SUPPLIED ENTRIES
────────────────────────────────────────
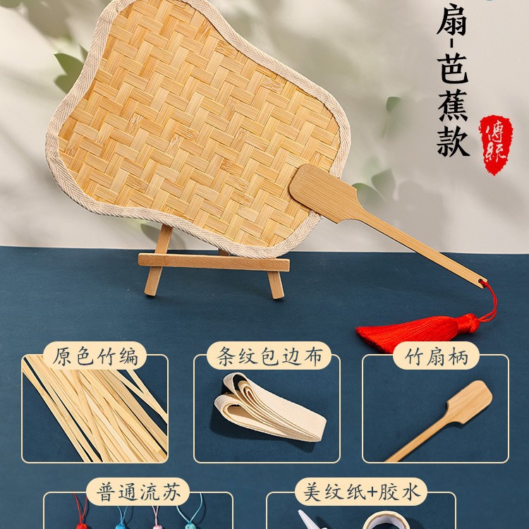 대나무로 짠 소재 패키지, 무형문화유산 수제 부채, 중국풍 문화, 어린이로 짠 밀짚부채, 듀나우 축제스토어 가기
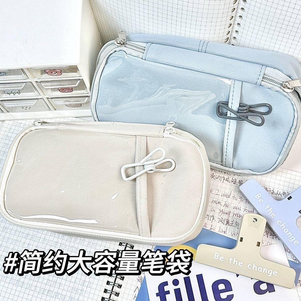 Estuche para lápices sencillo de gran capacidad con tapa abatible de color sólido, nicho, caja de papelería de gran capacidad y alto valor, bolsa de almacenamiento de papelería
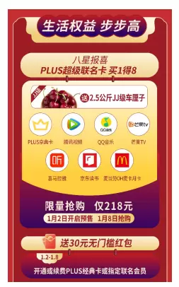 1月8日0点,京东限量推出“买1得8”的PLUS会员超级联名卡,开卡就送2.5公斤智利JJ级车厘子,还可享受包含PLUS京典卡、腾讯视频、QQ音乐、芒果TV、喜马拉雅、京东读书年卡及麦当劳OH麦卡月卡的多项权益。如果没抢上超级联名卡,不要紧,开通或续费PLUS京典卡或指定PLUS联名会员,还送30元无门槛红包。
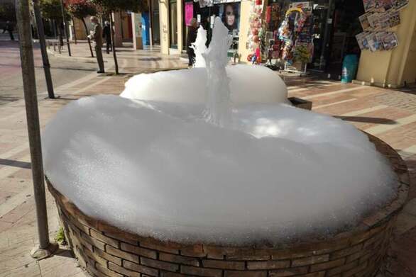Στο επίκεντρο της προσοχής βρίσκεται από το πρωί το συντριβανάκι στην κεντρική πλατεία του Αγρινίου, στο τέλος του πεζοδρόμου της Ηλίας Ηλίου. Ο λόγος; Πασιφανής. Οι σαπουνάδες το έχουν… κυριεύσει και οι περαστικοί σταματούν για λίγο να «χαζέψουν» το θέαμα.
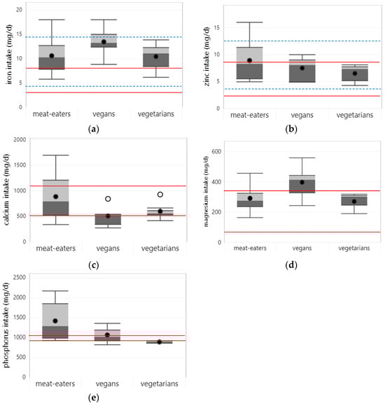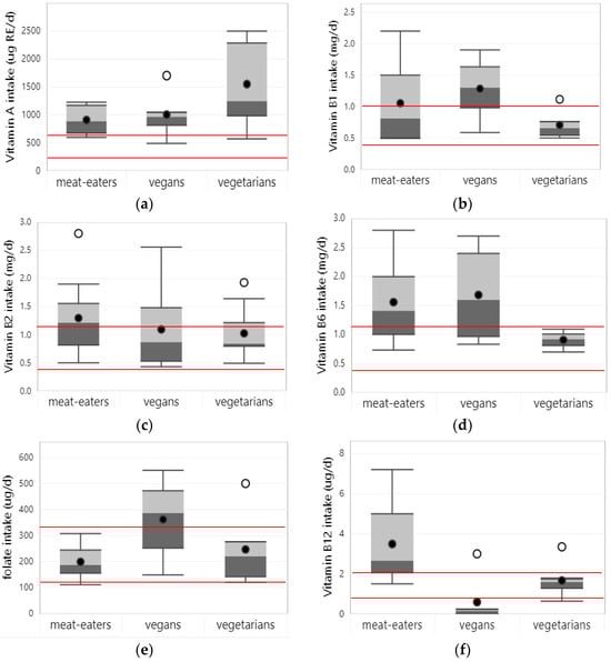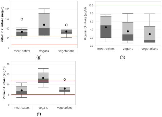 Boxplots represent 25th, 50th, and 75th percentiles of vitamin intakes from foods only, with whiskers at the <1.5 interquartile range (IQR). Black dots represent mean intake and white dots outliers at the >1.5 IQR: (a) vitamin A; (b) vitamin B1; (c) vitamin B2; (d) vitamin B6; (e) folate; (f) vitamin B12; (g) vitamin C; (h) vitamin D; (i) vitamin E. Straight red lines represent the estimated average requirement (EAR) for the age and gender groups with the lowest and highest dietary requirements that were included in the studies. Boxplots are only shown for nutrients, for which intake data from at least 3 studies were available for at least one of the dietary patterns.
────────────────────────────────────────
EXERCISE
Output, exactly as written, only the lines from the beginning of the listing through the line containing "Estuche para lápices", both included, and no pictures.

SOLUTION TO THE PROBLEM
 대나무로 짠 소재 패키지, 무형문화유산 수제 부채, 중국풍 문화, 어린이로 짠 밀짚부채, 듀나우 축제스토어 가기
 Estuche para lápices sencillo de gran capacidad con tapa abatible de color sólido, nicho, caja de papelería de gran capacidad y alto valor, bolsa de almacenamiento de papelería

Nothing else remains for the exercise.